自律神経のバランスを乱す主な原因は、緊張、不安といった精神的なストレスです。
過敏性腸症候群は、症状によって次の3つのタイプに大きくわけられます。
男性は下痢型、女性は便秘型が多くみられます。
下痢型
激しい腹痛があり、下痢便や軟便が1日に何回も出ます。
起床直後、朝食の後など自宅にいるときばかりでなく、通勤電車に乗っているとき、外出先などでも便意が起こるために、いつも公共トイレの場所が気になってしまいます。
男性に多いタイプといわれます。
便秘型
腹痛があり、トイレでの排便量は少なく、それもウサギのふんのようなコロコロした小さな便が便器に浮かびます。女性に多いタイプといわれます。
下痢・便秘交替型
下痢と便秘を数日ずつ交互にくり返すタイプで、全体ではこのタイプが最も多いといわれます。

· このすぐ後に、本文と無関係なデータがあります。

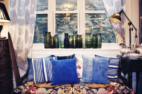 Though part of the furniture collection, which Derian does in collaboration with Cisco Brothers, the loveseat is actually destined to be displayed next door on Dry Goods grounds, in the company of other gorgeous indigo things: sarongs and striped blankets from West Africa; one-of-a-kind pillows flip-sided with an exquisite floral fabric from Tissus Tartares; a pouf made of a vintage laundry sack. “It’s the thing that maybe goes with everything in your home,” says Derian of denim. “As a chair, as a sofa, it doesn’t ever look out of place. Mix it with anything from John Robshaw, and it looks great.”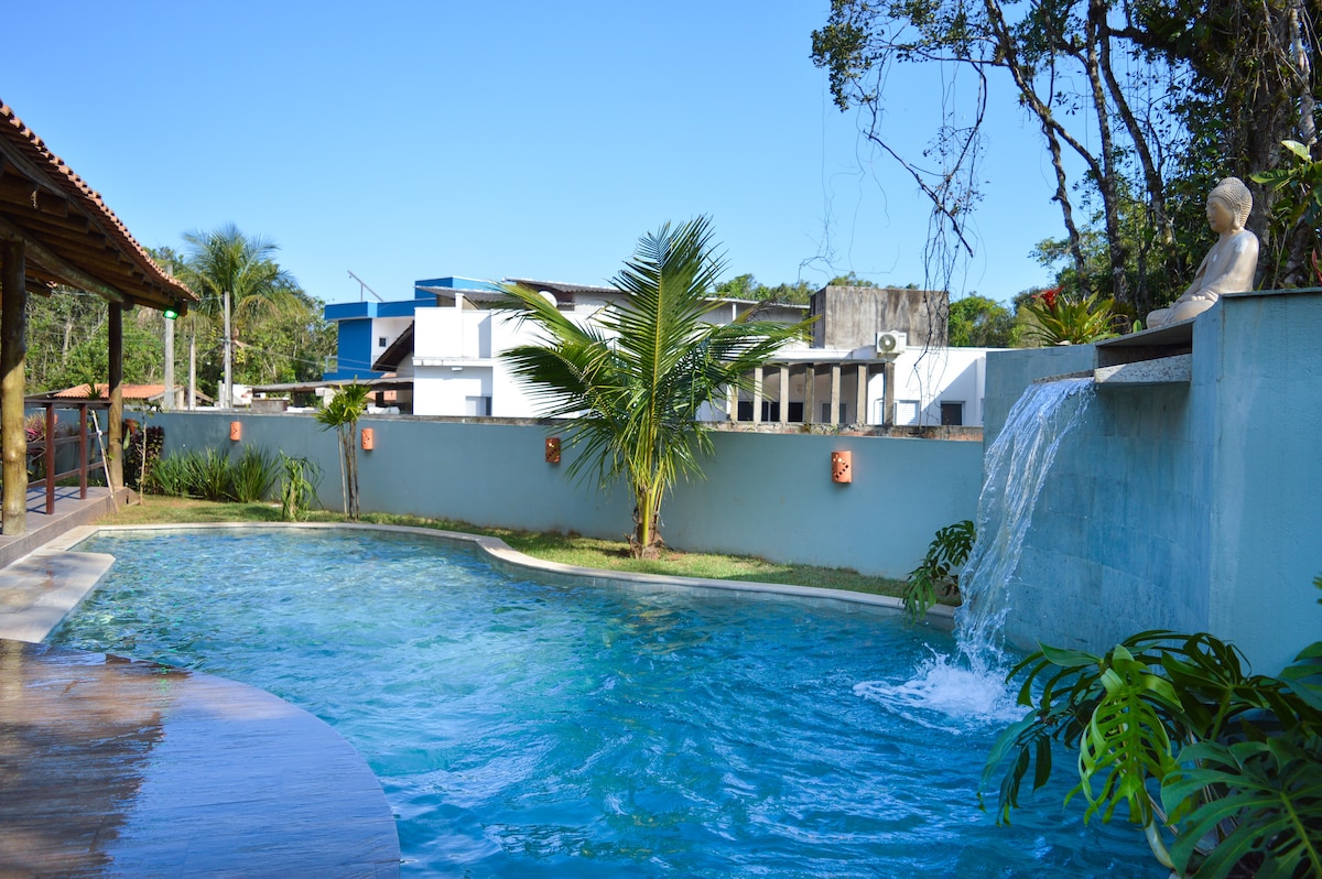Rumah yang luas dengan kolam renang persendirian yang menampilkan hidromasaj dan pencahayaan LED. Termasuk 3 suite dengan balkoni (2 dengan pemandangan kolam renang dan Hutan Atlantik asli), bilik TV, dapur terbuka, bilik mandi penuh, Wi-Fi berkelajuan tinggi, dapur luar, barbeku dan ketuhar pizza. Kawasan luar yang tertutup dengan meja besar dan pendiangan. Terletak di komuniti berpagar dengan keselamatan 24 jam. Kira-kira 10 minit berjalan kaki ke pantai dan 25 minit ke Barra do Rio Itaguaré. Mesra haiwan peliharaan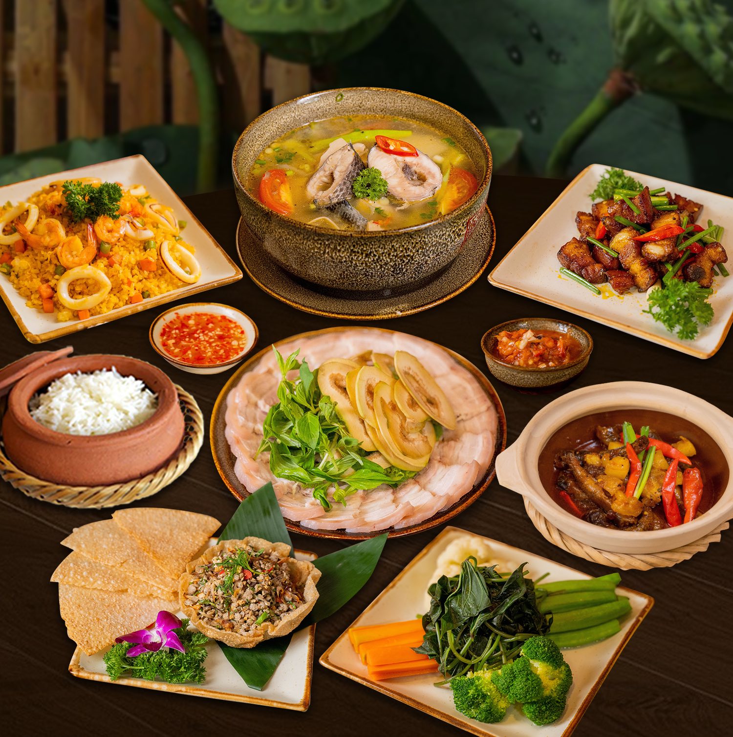 Món ăn làm nên tên tuổi của nhà hàng chắc chắn là Cơm Niêu, một món ăn tưởng chừng đơn giản nhưng lại rất kỳ công. Ngay từ khi ngồi vào bàn, mình đã ngửi thấy mùi hương gạo mới thơm lừng lan tỏa khắp không gian. Niêu cơm khi được bưng ra vẫn còn nóng hổi, khói bốc nghi ngút vô cùng hấp dẫn thị giác. Khi xới cơm, bạn sẽ thấy lớp cơm trắng bên trong rất dẻo và thơm, còn sát đáy niêu là lớp cháy vàng rụm cực kỳ hấp dẫn.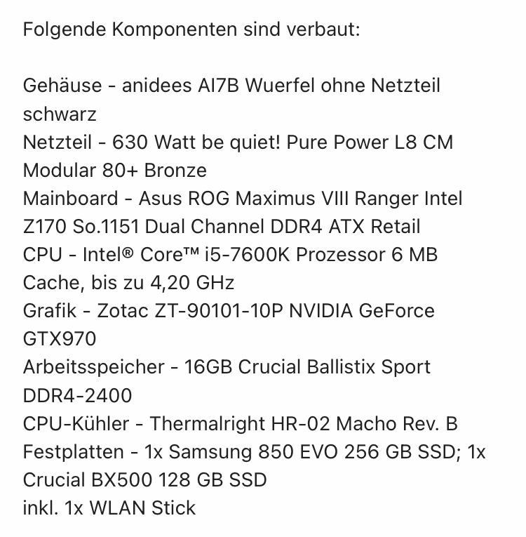 Ich habe euch unten noch ein paar Screenshots von meinen Komponenten reingepackt, falls etwas Relevantes fehlen sollte kann ich das gern nachliefern.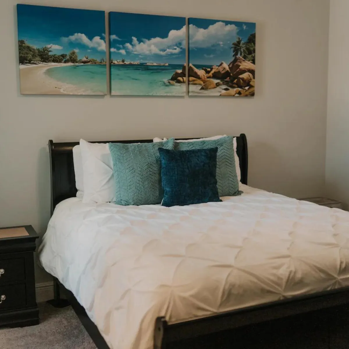 * Four bedrooms with new Serta mattresses, ample closet storage, and smart TVs.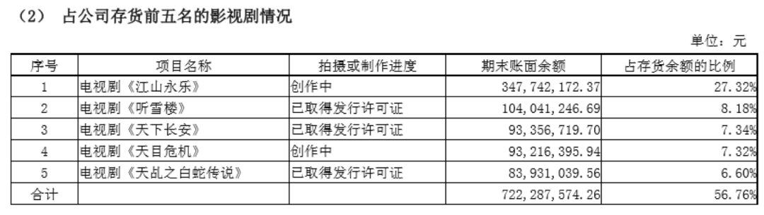 而影视剧项目的回款也影响到公司的存货上升。比如,光线传媒同期存货同比上涨4.58%至15.47亿元,其中排在前五名的存货《疯狂的外星人》《雪暴》《新世界》《听雪楼》《三体》合计账面余额为8.75亿元,占年末余额比例为54.33%。

いずれのタイプも、排便すると症状が改善すること、ストレスを感じると症状が悪化することが特徴的です。
生活指導
- ストレスをさける
- 好きな趣味に興じる時間をもつ
- 毎日ウォーキングのような軽い運動で汗をかき気分をすっきりさせる
- 規則正しい生活をおくる
- 夜更かしをせず、十分な睡眠・休養をとる
- 便意がなくても毎朝決まった時間にトイレに行く習慣をつける
- 食事をとる時間帯は3食ともできるだけ一定にする
食事療法
下痢型
高脂肪食、アルコール、カフェイン、香辛料、冷たい飲み物、発酵食品など、腸粘膜を刺激し下痢を悪化させる食品を避けます。
消化に悪い食品を避けます。
便秘型
アルコール、香辛料、炭酸飲料、脂肪分の多い食品など、刺激物を避けます。
便秘解消のために野菜や海藻類など食物繊維の多い食品を積極的にとり、ビタミンB、ビタミンCをとります。
下痢・便秘交替型
その時の腸の症状に合わせて食べるものを選びます。